# Interpreting dummy variables.

#### noetsi

##### Fortran must die
After all these years reading regression this should be simple to do...

Impact are the regression slopes for dummy variables.

I should say that the excluded reference group here is not a good idea to me, they are less than 16 of which we have extremely few and most likely they earn very little. I can not change it, it was decided by the federal government.

That said I don't see how every dummy variable can be positive. Some have to earn less than others. Is there a way to say, I have not seen this addressed, that relative to another level one level did better? Formally you are comparing customers in the category to those not. But my audience will want us to discuss how one level did relative to the other.

What I did say [not certain this is true formally for regression]

#### hlsmith

##### Less is more. Stay pure. Stay poor.
Yeah, what you have seems fine. And yeah you are correct that when grabbing estimates from the multiple linear reg they would be for the base case for the other references, so your presentation above seems fine.

#### noetsi

##### Fortran must die
I am running proc genmod, essentially OLS (the distribution is Normal and the link function is Identity). My dependent variable has two levels (0 and 1). As I understand it the slope is thus increased chance of being in one of these levels (I believe the increased chance of level 1, but I am uncertain of this in the documentation).
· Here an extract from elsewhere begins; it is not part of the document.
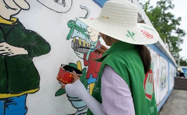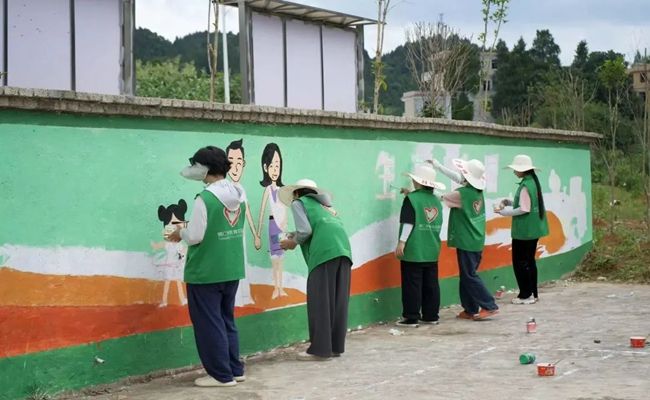 (志愿者开展墙绘工作)

Or decreased chance of course if the slope is negative.

With dummy variables it is the mean difference as always, but it still reflects the increased (or decreased) chance of being at one of the levels (again I assume this is level 1).
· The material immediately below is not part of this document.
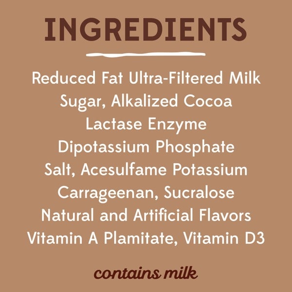 Reduced Fat Ultra-filtered Milk, Sugar, Alkalized Cocoa, Lactase Enzyme, Dipotassium Phosphate, Salt, Acesulfame Potassium, Carrageenan, Natural And Artificial Flavors, Sucralose, Vitamin A Palmitate, Vitamin D3
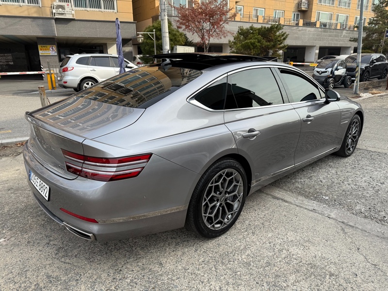 Представительский седан Genesis G80 2023 года выпуска оснащён бензиновым двигателем объёмом 2.5 л с турбонаддувом и системой полного привода AWD. Комплектация Gasoline 2.5 Turbo AWD включает современное оборудование для комфортной эксплуатации в городских условиях и на трассе. Пробег автомобиля составляет 84 тыс. км, что соответствует умеренной интенсивности использования. По истории эксплуатации в Южной Корее отмечено аккуратное обслуживание и отсутствие кузовных повреждений, что подтверждается нулевым количеством страховых обращений и выплат. Сохранность интерьера и технических узлов характерна для данного пробега при регулярном техобслуживании. Автомобиль находится в Южной Корее и доступен к покупке с последующей доставкой в Россию.

I ask this because in Proc Logistics unlike normal software SAS maximized the chance of being at level 0 not 1.

#### hlsmith

##### Less is more. Stay pure. Stay poor.
The output or log likely tells you which is the DV and IV reference groups.

Also, as mentioned before - this model would be kicking out the probability values and using the MLE.

#### noetsi

##### Fortran must die
I don't understand what you mean by "this model would be kicking out the probability values."

That this shows the increased probability of being at a certain level of the DV?

#### hlsmith

##### Less is more. Stay pure. Stay poor.
You are putting a binary DV into a linear model (dist=normal). You aren't gonna get log odds out of it correct?